I was verbatim running the example in the README. I saved that out to a .py file and ran it.
I think the example is incomplete/incorrect currently. For example, it doesn't use the last_token_pool method provided by the e5-mistral-7b-instruct team, which grabs only the last tensor to get the most useful embedding. It also doesn't seem to use the attention mask for anything, which is an important step.
My initial idea was to give a grasp of what you can do. Coming back soon with a fix. Thanks for the comment <3
As a fyi, I have some success with:
from mlx_llm.model import create_model
from transformers import AutoTokenizer
import mlx.core as mx
model = create_model("e5-mistral-7b-instruct")
tokenizer = AutoTokenizer.from_pretrained('intfloat/e5-mistral-7b-instruct')
text = ["I like to play basketball", "I like to play tennis"]
tokens = tokenizer(text)
x = mx.array(tokens["input_ids"])
embeds = model.embed(x)
print(embeds)
Still need to do the whole mlx_llm install of course.
The output I see:
Loading weights from /Users/xxxxx/.cache/huggingface/hub/models--mlx-community--e5-mistral-7b-instruct-mlx/snapshots/22ac7676256b54fc97423032f2d9f26e9a8a92ea/weights.npz
[WARNING] Missing keys in weights file: output.weight
[WARNING] Missing key output.weight in weights file
array([[[-1.72168, 0.583008, -1.65137, ..., 0.221558, -2.03125, 2.67578],
[-1.22266, -0.729004, -0.797363, ..., 3.53711, -4.75, 2.02148],
[-0.523438, -0.513672, -0.918457, ..., 0.196411, 2.79297, -2.21094],
[0.465332, 0.130127, 2.82422, ..., -5.42969, 0.048645, -2.75195],
[3.10547, 1.83008, -1.22461, ..., -1.96582, -1.21875, 9.67188],
[-1.2168, -2.43164, 0.737793, ..., 0.120483, 0.842773, 8.5625]],
[[-1.72168, 0.583008, -1.65137, ..., 0.221558, -2.03125, 2.67578],
[-1.22266, -0.729004, -0.797363, ..., 3.53711, -4.75, 2.02148],
[-0.523438, -0.513672, -0.918457, ..., 0.196411, 2.79297, -2.21094],
[0.465332, 0.130127, 2.82422, ..., -5.42969, 0.048645, -2.75195],
[3.10547, 1.83008, -1.22461, ..., -1.96582, -1.21875, 9.67188],
[-1.24805, 5.57812, -1.57715, ..., 3.67188, 4.06641, 6.41016]]], dtype=float16)

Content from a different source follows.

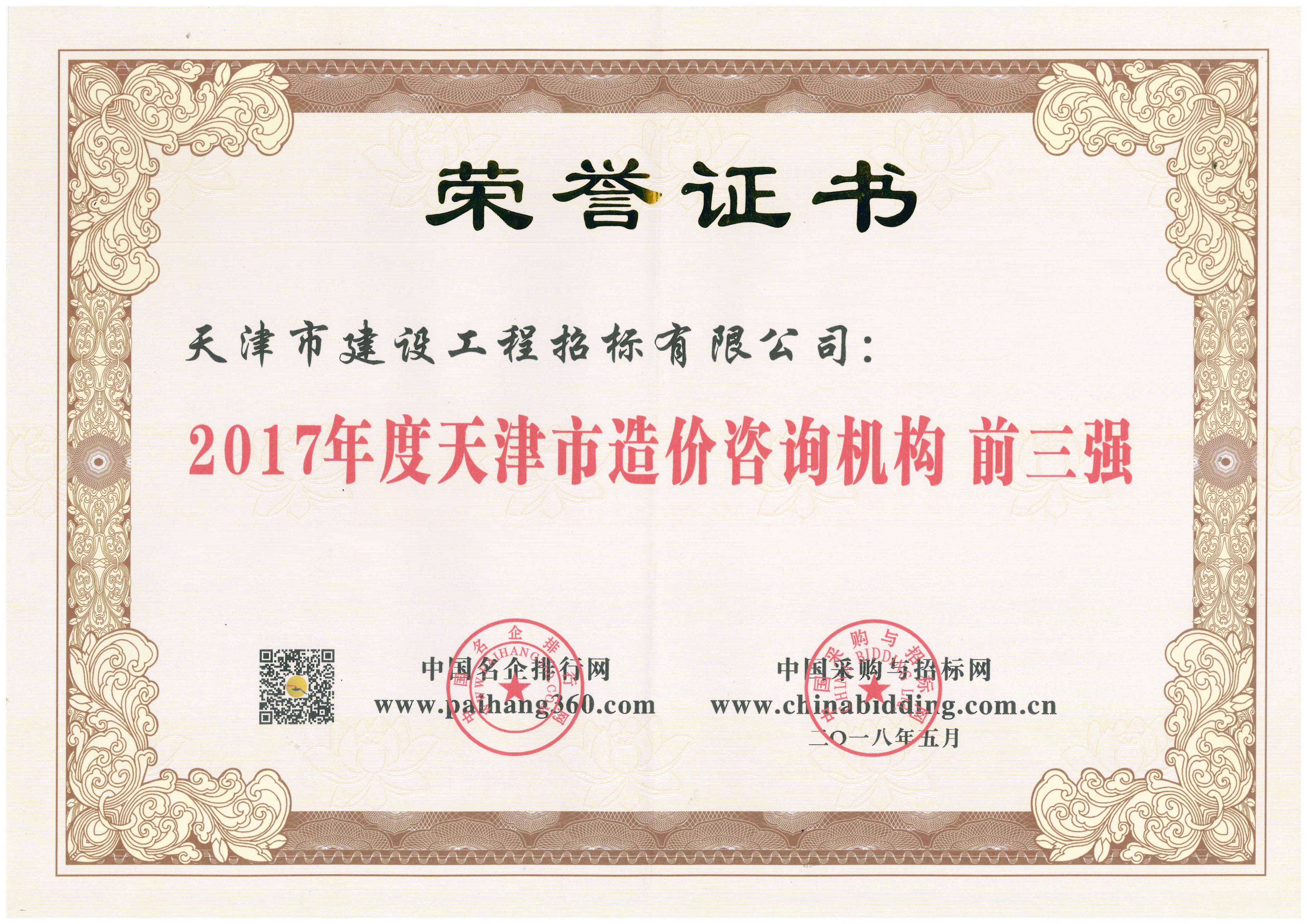 2017年度天津市造價(jià)咨詢(xún)機構 前三強

Process finished with exit code 0
^ shape [2,6,4096]
Although clearly missing weights/output sounds alarming.
Any tips?
The missing weights and outputs is not alarming. This is an embedding model that does not have the head layers used to predict the next tokens usually. Here you want to stop before the generation and extract the embeddings.

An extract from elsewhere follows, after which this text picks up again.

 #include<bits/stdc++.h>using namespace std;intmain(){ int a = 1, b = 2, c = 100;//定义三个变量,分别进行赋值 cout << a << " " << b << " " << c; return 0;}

I'm having trouble getting this to run. I've downloaded the weights from hugging face and the create_model() function finds them ok. But it runs into issues after that. I'm on an M1 Mac Pro with 32GB of RAM.
Here is my output using the the example file, with a small modification to get it to compile (weights_path needed to be changed to weights):
Loading weights from ../models/e5-mistral-7b-instruct/weights.npz [WARNING] Missing keys in weights file: output.weight [WARNING] Missing key output.weight in weights file You're using a LlamaTokenizerFast tokenizer. Please note that with a fast tokenizer, using the `__call__` method is faster than using a method to encode the text followed by a call to the `pad` method to get a padded encoding. /opt/homebrew/lib/python3.11/site-packages/numpy/linalg/linalg.py:2583: RuntimeWarning: overflow encountered in reduce return sqrt(add.reduce(s, axis=axis, keepdims=keepdims)) [[0. 0. 0.] [0. 0. 0.] [0. 0. 0.]]
@habsanero found where the problem is. You must call model.embed(x, norm=False)
Actually, I will change how the method works in the future since norm=True is the default and generates wrong embeddings.